> **Work to be completed**: Take the lines below from the one with "Progress at Site 8" through the one with "APCD joined Launch" and print only them, exactly. Don't print the pictures.

(Items from a data source)
══════════

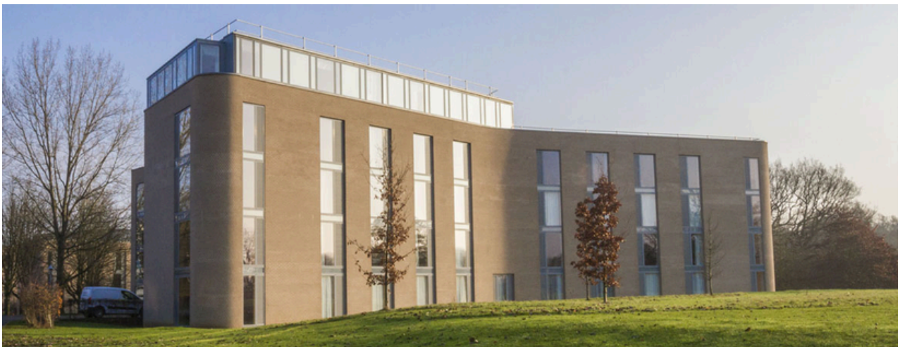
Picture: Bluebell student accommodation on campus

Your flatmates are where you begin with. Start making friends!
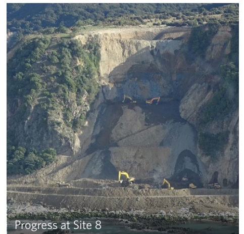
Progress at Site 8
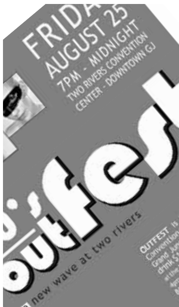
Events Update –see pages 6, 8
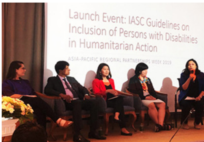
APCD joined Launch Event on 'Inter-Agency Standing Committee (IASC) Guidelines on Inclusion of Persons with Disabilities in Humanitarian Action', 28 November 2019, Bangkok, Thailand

══════════

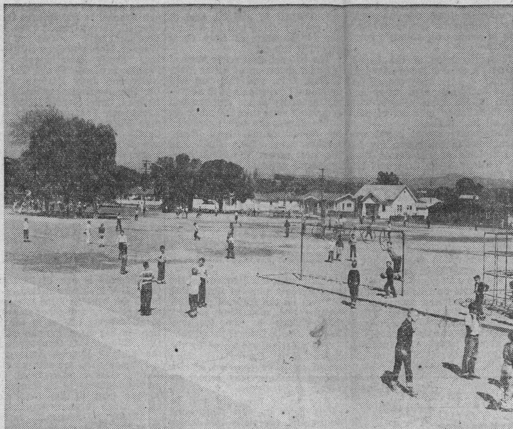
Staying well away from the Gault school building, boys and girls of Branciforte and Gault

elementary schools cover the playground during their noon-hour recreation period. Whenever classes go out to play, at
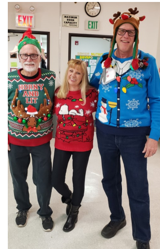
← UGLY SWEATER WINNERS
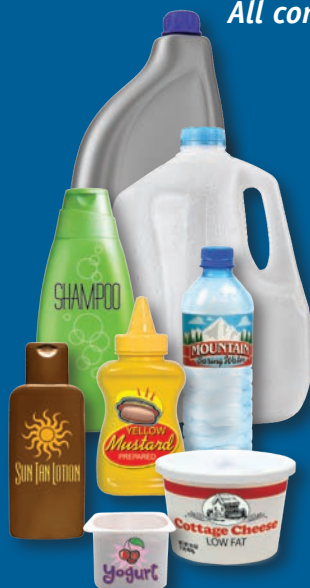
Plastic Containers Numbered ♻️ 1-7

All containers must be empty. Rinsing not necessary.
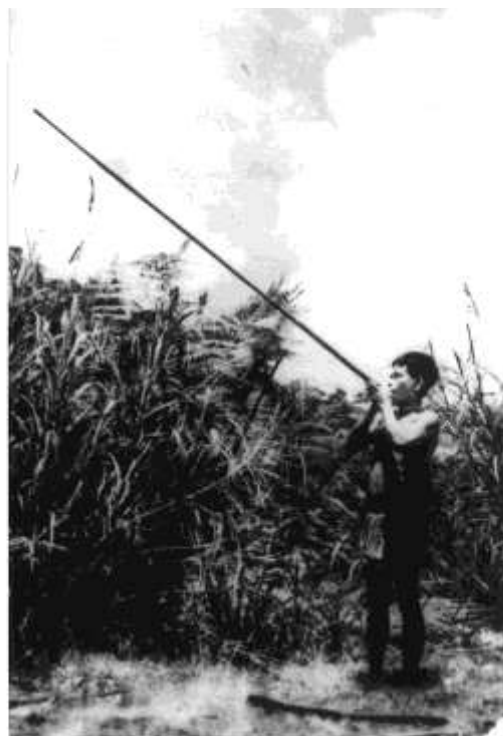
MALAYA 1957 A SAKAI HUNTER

══════════

> **Output for this exercise**:
Progress at Site 8
Events Update –see pages 6, 8
APCD joined Launch Event on 'Inter-Agency Standing Committee (IASC) Guidelines on Inclusion of Persons with Disabilities in Humanitarian Action', 28 November 2019, Bangkok, Thailand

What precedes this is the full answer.